Il est donc essentiel que les étudiants non-européens qui viennent en master, et pour lesquels la perspective de poursuite en doctorat est réelle, puissent continuer d’être exemptés de paiement de droits d’inscription, ou a minima, que ceux-ci soient compensés par un programme national de bourses d’excellences suffisamment financé.
De plus, cette disposition apparaît totalement contradictoire avec la volonté exprimée par le président de la République dans son discours du 7 décembre, d’être plus attractif pour les talents internationaux et de donner plus d’autonomie aux universités. Celles-ci devraient pouvoir, a minima, développer leur politique internationale et pouvoir l’adosser à une politique d’exemptions adaptées à leurs partenariats et leurs caractéristiques.
Quant à la caution de retour, l’objet semble être de décourager des jeunes diplômés de s'installer en France. Cela est contraire aux valeurs d’universalité et d’ouverture du monde académique. C’est aussi une mesure économiquement contreproductive. La France a besoin de ces jeunes talents formés au plus haut niveau académique, dans tous les domaines que ce soit en sciences et technologie, dans le domaine de la santé ou en sciences humaines et sociales. Il est incompréhensible de les inciter à quitter la France, alors même que nous les avons formés et avons besoin d’eux.
Enfin, les étudiants et doctorants étrangers internationalisent nos universités. Cette ouverture est un des fondements de leur excellence, ainsi qu’un un élément-clé de notre diplomatie scientifique et d’influence. Elle offre aussi une ouverture internationale aux étudiants français, notamment ceux n’ayant pas les moyens de s'offrir une expérience à l'étranger.

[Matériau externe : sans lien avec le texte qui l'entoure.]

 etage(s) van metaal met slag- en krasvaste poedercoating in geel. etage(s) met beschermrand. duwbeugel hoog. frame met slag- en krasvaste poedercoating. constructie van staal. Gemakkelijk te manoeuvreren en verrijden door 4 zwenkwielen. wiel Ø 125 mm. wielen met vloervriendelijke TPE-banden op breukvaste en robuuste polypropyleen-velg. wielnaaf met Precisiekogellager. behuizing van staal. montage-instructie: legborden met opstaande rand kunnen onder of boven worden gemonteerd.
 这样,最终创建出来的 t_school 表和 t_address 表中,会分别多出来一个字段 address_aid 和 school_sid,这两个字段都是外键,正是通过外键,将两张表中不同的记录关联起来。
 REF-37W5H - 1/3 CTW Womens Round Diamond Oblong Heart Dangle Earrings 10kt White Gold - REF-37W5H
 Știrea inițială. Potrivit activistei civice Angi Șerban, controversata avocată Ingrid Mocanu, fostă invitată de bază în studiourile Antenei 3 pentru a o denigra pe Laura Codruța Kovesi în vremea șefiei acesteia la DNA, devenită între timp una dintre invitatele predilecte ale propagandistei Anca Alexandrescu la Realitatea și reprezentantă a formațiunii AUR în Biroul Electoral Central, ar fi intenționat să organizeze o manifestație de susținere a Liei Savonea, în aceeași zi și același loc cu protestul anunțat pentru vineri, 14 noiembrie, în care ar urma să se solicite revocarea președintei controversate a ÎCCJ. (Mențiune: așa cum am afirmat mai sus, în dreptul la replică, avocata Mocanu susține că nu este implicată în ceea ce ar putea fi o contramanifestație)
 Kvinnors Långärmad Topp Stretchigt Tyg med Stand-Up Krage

Les étudiants français qui partent préparer un diplôme d’enseignement supérieur à l’étranger sont souvent des étudiants particulièrement brillants et qui n’ont pas peur d’ajouter aux défis d’une formation d’enseignement supérieur ceux d’une mobilité internationale et de l’apprentissage d’une langue étrangère. Il en est de même des étudiants étrangers qui viennent faire leurs masters ou leurs doctorats en France. Ce sont les étudiants les plus ambitieux de leurs pays respectifs et souvent les plus brillants. C’est une folie de chercher à les décourager de venir et de rester en France.